> _Task requirements_: Without any pictures, print the lines below from the one that has "Exeter, NH in" through the one that has "雍年六月十二日,天气晴没想到", exactly and nothing else.

> _Provided material_:
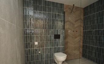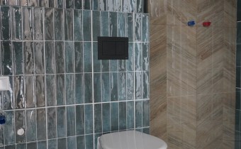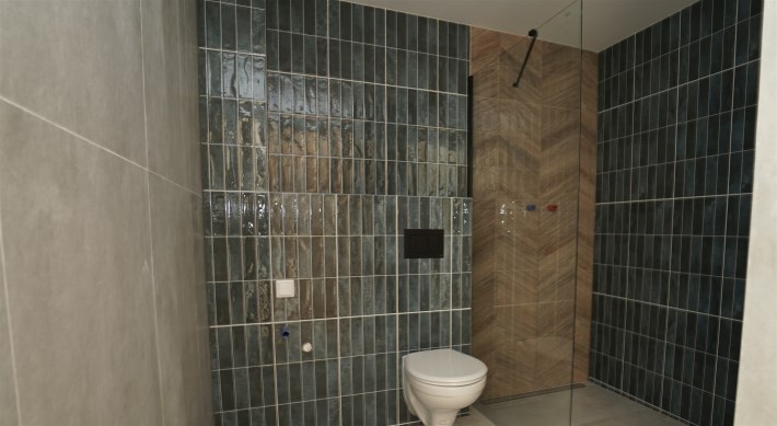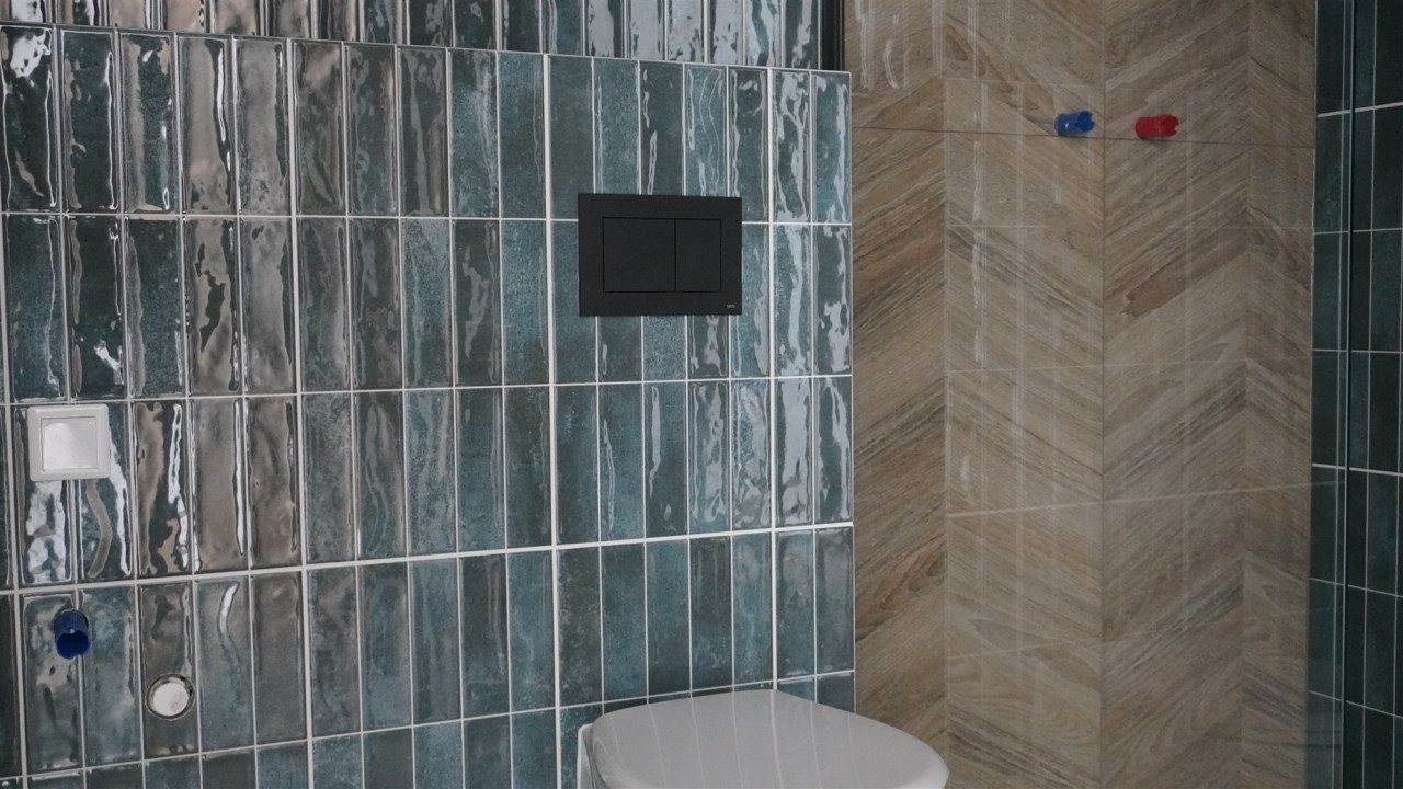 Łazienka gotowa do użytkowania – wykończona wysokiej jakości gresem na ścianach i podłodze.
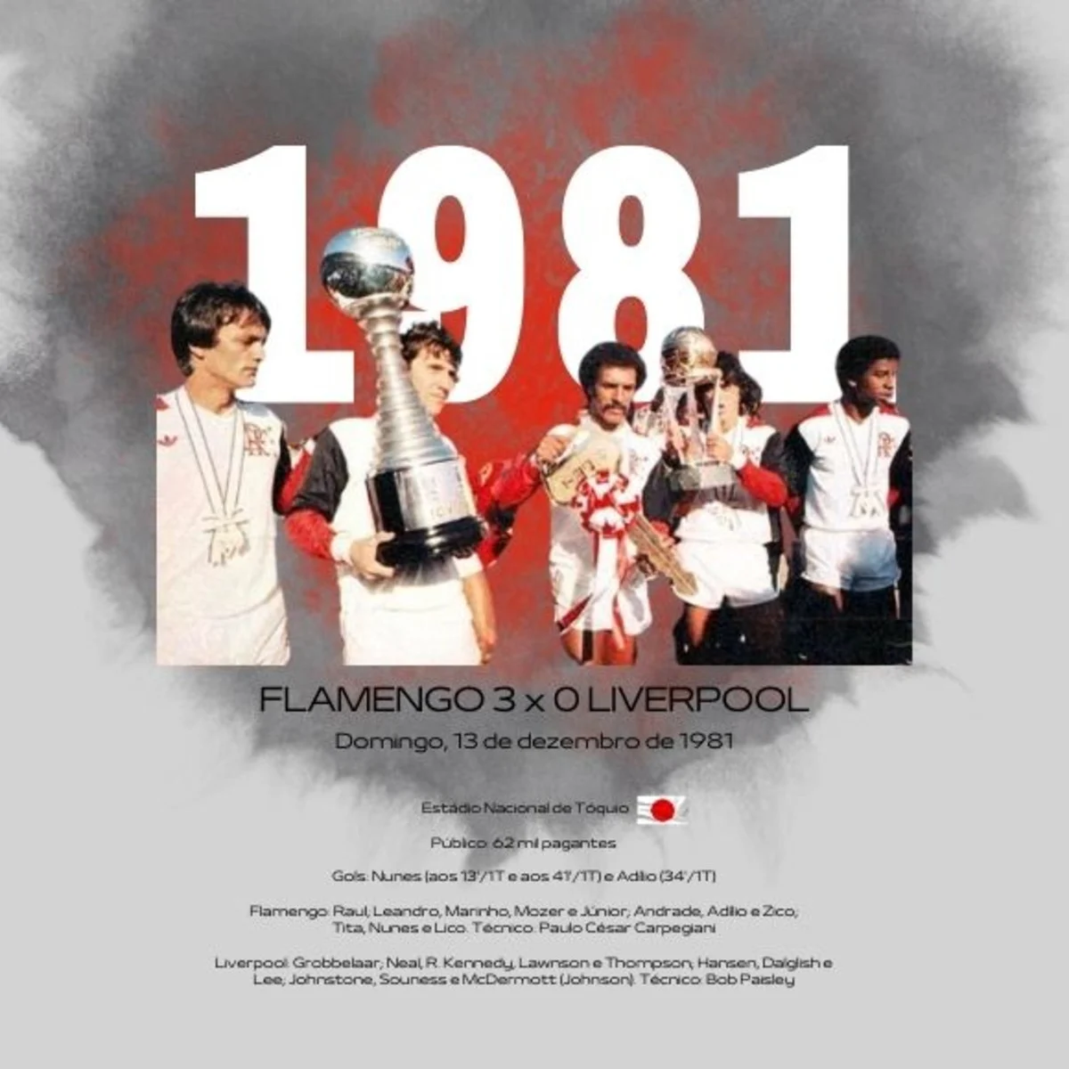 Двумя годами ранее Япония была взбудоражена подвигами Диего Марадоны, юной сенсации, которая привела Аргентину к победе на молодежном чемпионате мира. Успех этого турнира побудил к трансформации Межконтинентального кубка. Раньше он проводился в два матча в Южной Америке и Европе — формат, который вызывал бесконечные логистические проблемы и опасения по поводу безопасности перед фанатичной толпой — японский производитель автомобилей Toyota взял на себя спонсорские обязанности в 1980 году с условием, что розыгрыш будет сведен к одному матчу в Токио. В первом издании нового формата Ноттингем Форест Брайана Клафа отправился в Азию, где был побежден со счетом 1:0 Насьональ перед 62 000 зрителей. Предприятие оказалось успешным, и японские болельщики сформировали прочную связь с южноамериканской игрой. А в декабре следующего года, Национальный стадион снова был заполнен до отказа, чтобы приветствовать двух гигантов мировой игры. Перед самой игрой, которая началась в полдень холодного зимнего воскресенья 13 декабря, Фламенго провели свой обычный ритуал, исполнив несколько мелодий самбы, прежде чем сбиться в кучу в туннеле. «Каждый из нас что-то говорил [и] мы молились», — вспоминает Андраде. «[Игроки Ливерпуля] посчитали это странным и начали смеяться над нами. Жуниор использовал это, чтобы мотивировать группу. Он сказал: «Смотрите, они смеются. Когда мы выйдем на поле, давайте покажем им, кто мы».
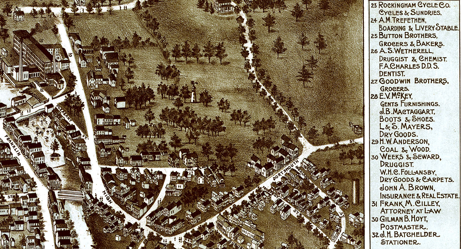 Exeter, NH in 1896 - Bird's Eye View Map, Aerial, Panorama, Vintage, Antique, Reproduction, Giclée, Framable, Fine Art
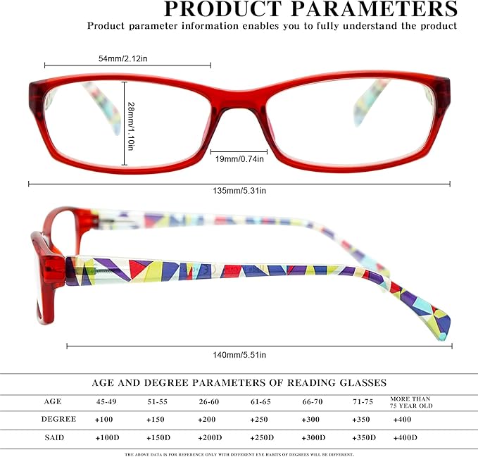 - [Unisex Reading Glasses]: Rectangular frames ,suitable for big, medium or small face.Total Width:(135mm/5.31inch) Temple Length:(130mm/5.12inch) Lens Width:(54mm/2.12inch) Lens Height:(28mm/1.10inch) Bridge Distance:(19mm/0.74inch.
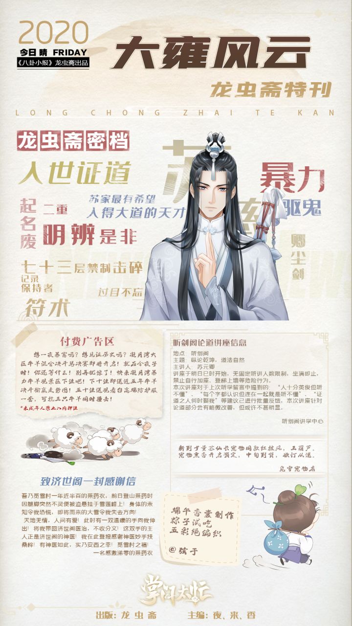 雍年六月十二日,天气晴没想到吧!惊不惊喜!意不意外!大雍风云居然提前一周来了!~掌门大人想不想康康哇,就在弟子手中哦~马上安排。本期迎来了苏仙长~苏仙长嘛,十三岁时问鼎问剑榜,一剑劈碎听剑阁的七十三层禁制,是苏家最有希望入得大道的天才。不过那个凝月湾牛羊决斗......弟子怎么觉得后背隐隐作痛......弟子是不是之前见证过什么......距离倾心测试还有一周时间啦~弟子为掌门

--

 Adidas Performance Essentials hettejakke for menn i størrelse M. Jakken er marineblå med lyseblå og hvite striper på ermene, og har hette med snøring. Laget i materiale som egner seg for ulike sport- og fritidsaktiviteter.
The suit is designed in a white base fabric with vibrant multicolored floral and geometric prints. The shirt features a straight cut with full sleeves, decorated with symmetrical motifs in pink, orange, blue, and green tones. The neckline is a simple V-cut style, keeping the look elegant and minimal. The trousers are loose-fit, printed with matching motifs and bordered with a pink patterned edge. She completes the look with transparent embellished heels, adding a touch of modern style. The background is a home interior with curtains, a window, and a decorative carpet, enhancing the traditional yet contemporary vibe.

---

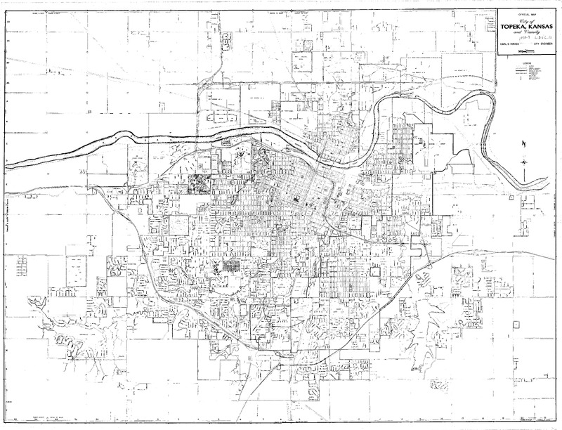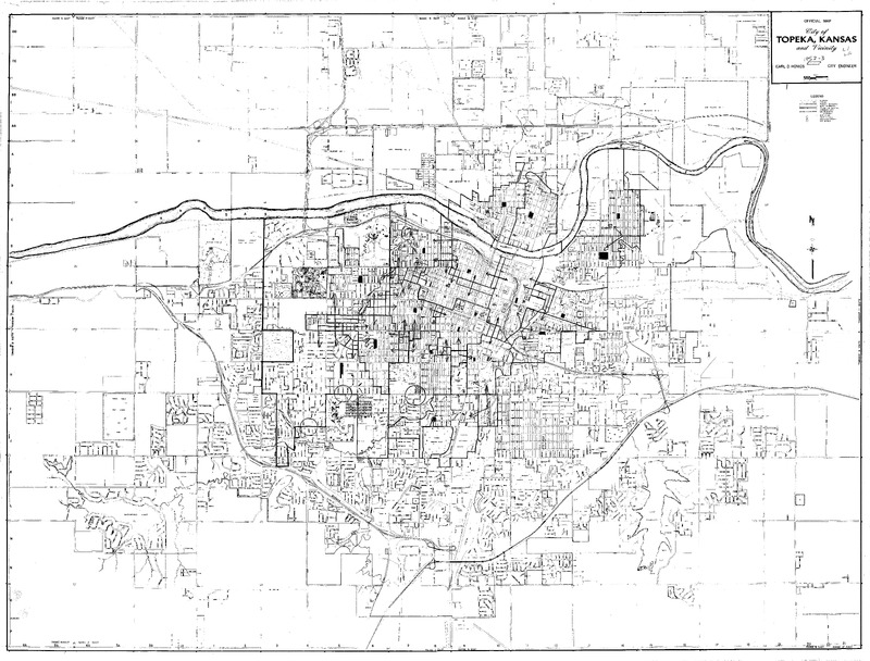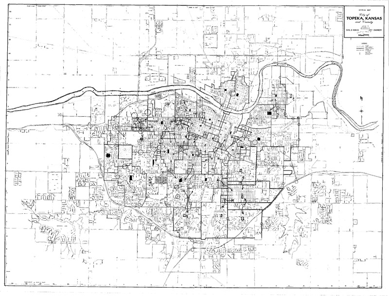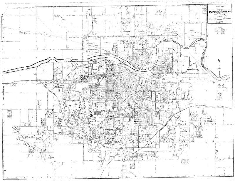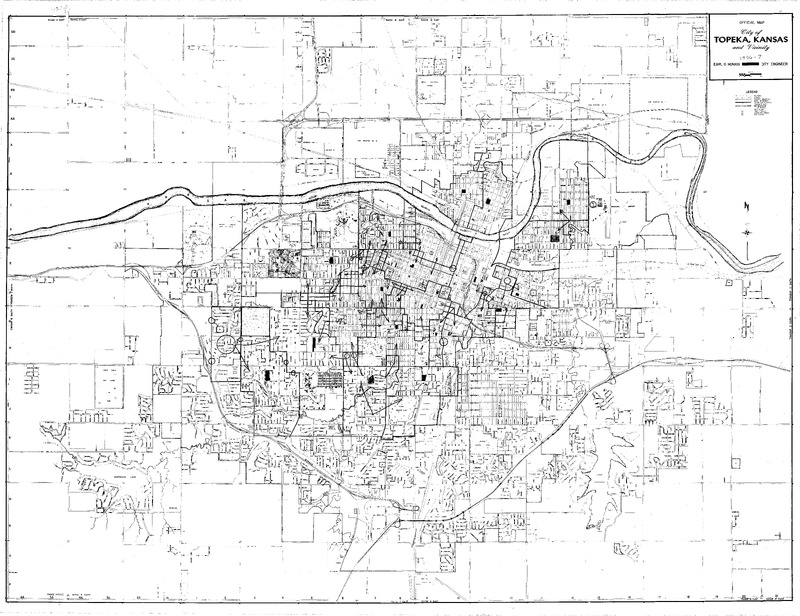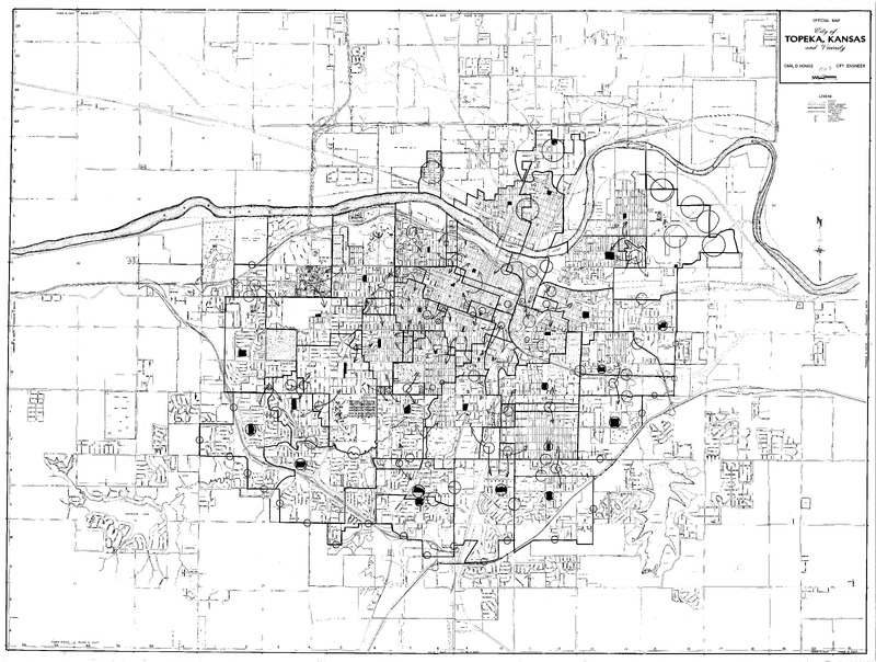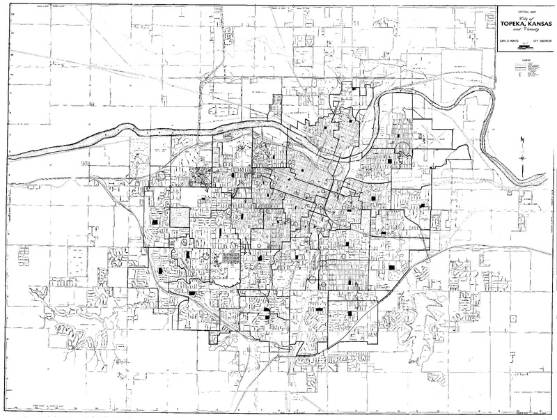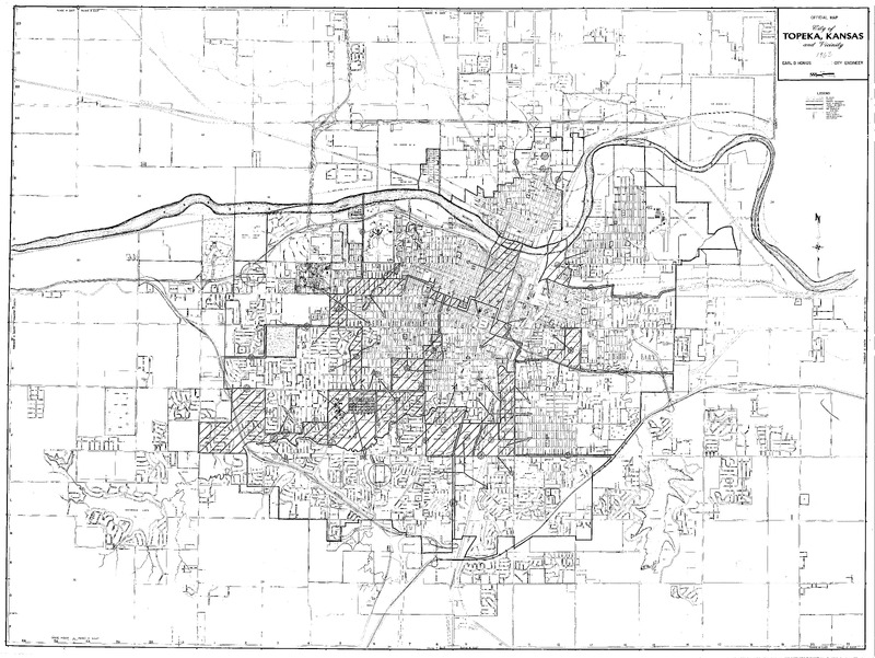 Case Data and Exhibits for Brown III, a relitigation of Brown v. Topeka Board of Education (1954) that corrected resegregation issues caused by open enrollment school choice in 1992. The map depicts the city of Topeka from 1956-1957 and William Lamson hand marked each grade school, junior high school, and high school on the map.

> _Finished exercise_:
 Exeter, NH in 1896 - Bird's Eye View Map, Aerial, Panorama, Vintage, Antique, Reproduction, Giclée, Framable, Fine Art
 - [Unisex Reading Glasses]: Rectangular frames ,suitable for big, medium or small face.Total Width:(135mm/5.31inch) Temple Length:(130mm/5.12inch) Lens Width:(54mm/2.12inch) Lens Height:(28mm/1.10inch) Bridge Distance:(19mm/0.74inch.
 雍年六月十二日,天气晴没想到吧!惊不惊喜!意不意外!大雍风云居然提前一周来了!~掌门大人想不想康康哇,就在弟子手中哦~马上安排。本期迎来了苏仙长~苏仙长嘛,十三岁时问鼎问剑榜,一剑劈碎听剑阁的七十三层禁制,是苏家最有希望入得大道的天才。不过那个凝月湾牛羊决斗......弟子怎么觉得后背隐隐作痛......弟子是不是之前见证过什么......距离倾心测试还有一周时间啦~弟子为掌门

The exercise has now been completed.